The most recent ceasefire deal promises international and United Nations support for the Lebanese Army. Lebanon’s caretaker government has already begun recruitment processes in anticipation of Israeli withdrawal. Yet, as the LAF’s experience in the 1980s indicates, there is little hope for an army functioning without a government. Given the international community’s reluctance to address Lebanon’s ongoing political and economic crises – which predate the Israeli invasion of October 2024 – there is ample reason for scepticism about the LAF’s ability to enforce the terms of the ceasefire.

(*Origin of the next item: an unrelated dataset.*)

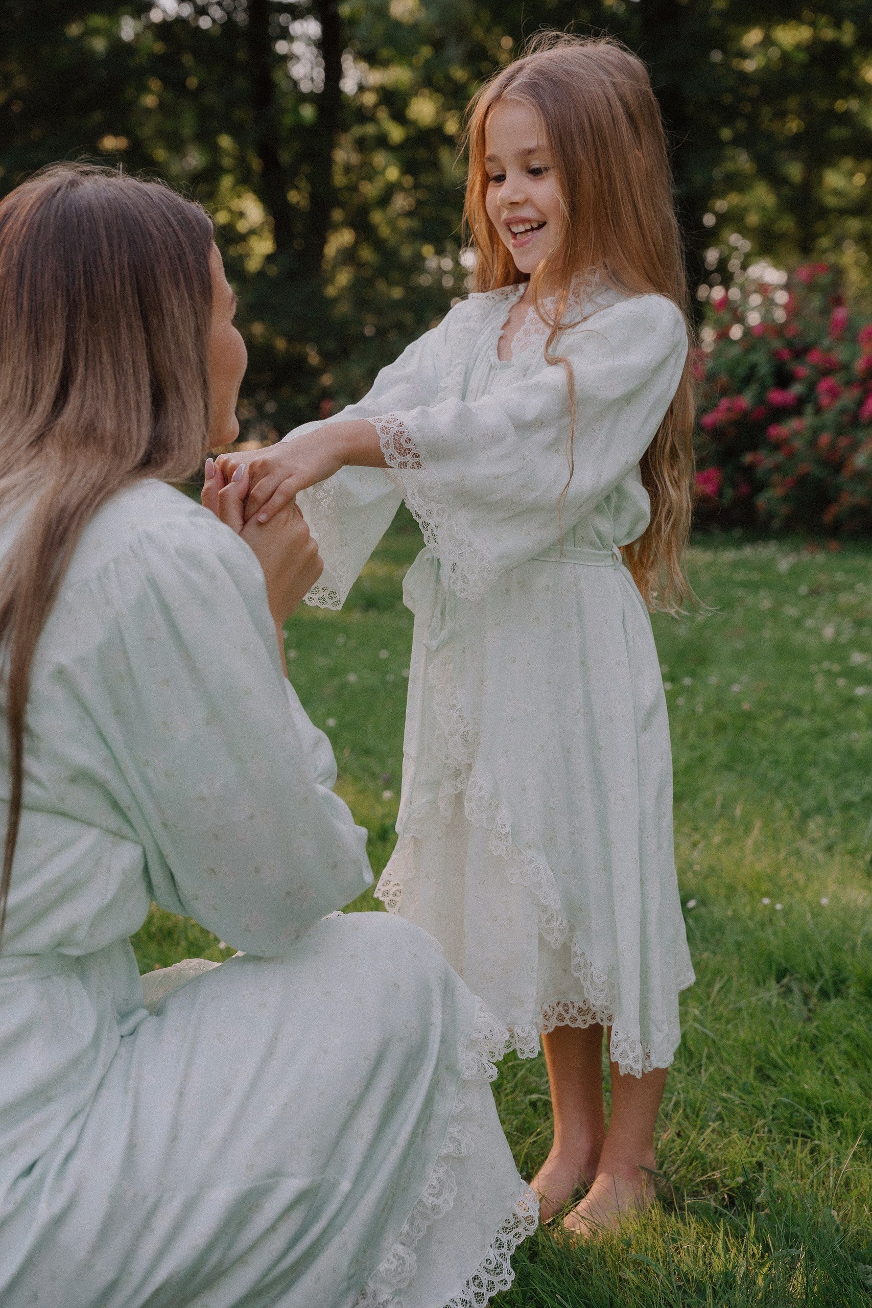Soft and romantic, the women’s lace-trimmed robe Sofia embodies quiet elegance and natural ease. Made from lightweight, breathable fabric with delicate lace detailing, this robe drapes effortlessly over the body for a graceful silhouette. Designed with a flattering wrap shape, adjustable waist tie, and gently flared sleeves, it offers both comfort and refinement. Intricate lace accents along the neckline, cuffs, and hem add a subtle vintage touch, making it perfect for slow mornings, peaceful evenings, or special moments at home.

Another concerning aspect of the ceasefire deal is Hochstein’s rapid pivot toward Gaza. He, and other US officials, have indicated optimism that the Hizbollah deal will bring Hamas to the negotiating table for a hostage release deal. This, too, has strong historical resonance. In September 1982, after Philip Habib’s herculean efforts produced a ceasefire in Lebanon, the Reagan administration announced a widespread plan for peace between Israel and the Palestinians. Shifting resources and attention away from Lebanon, the White House pulled US Marines out of Beirut, where they had been enforcing Habib’s ceasefire. Within days of their withdrawal, Lebanon’s president-elect was assassinated, Israeli troops swept into West Beirut, and one of the Lebanese Civil War’s bloodiest massacres unfolded in the Sabra and Chatila refugee camps. The Marines returned to Beirut, less than two weeks after they had left.
While Hochstein’s pivot away from Lebanon will not produce the same dire consequences as that of the Reagan White House, it is nevertheless suggestive of a certain path-dependency in US thinking about Lebanon. Lebanon’s crises, which are certainly tied to broader regional crises, merit their own specific, sustained attention from both the White House and the international community. Announcing a ceasefire has a way of diverting attention, rather than building it.
Speculating about the future in the Middle East is a foolish endeavour. Nevertheless, there are suggestive developments afoot that hint at what might happen in two months, when the deal expires.
Tehran can be expected to develop new strategies for influence. Iran is on the backfoot after Israel wiped out Hizbollah’s leadership and middle-tier officer cadre in Lebanon. Developments this week in Syria also suggest that Iran’s influence is waning in Damascus – despite the fact that Assad relies on Iranian troops to maintain his chokehold on power.
The Israeli withdrawal from South Lebanon – which will not unfold peacefully – will provide Iran with many opportunities to rebuild its influence. Historically, Israeli withdrawals from the region have produced circumstances ripe for exploitation by extremist groups. The longer the process takes, the more opportunities will arise.
Both Israel and Iran expect the incoming Trump Administration to further reduce US involvement in the Middle East. It is likely that Israeli Prime Minister Benjamin Netanyahu expects Trump’s White House to ‘bully’ the International Criminal Court into rescinding its arrest warrants for Netanyahu and former Minister of Defence Yoav Gallant.
With a virtually free hand in the region, Netanyahu can be expected to act on his new defense minister Israel Katz’s threat to make ‘no distinction’ between Lebanon and Hizbollah if there are ceasefire violations. That distinction – which Netanyahu and the IDF general command already blur quite liberally – has kept Israel from unleashing the full force of its military on Beirut. Without it, Lebanon’s long, stutter-stepping ceasefires may come to a more permanent end.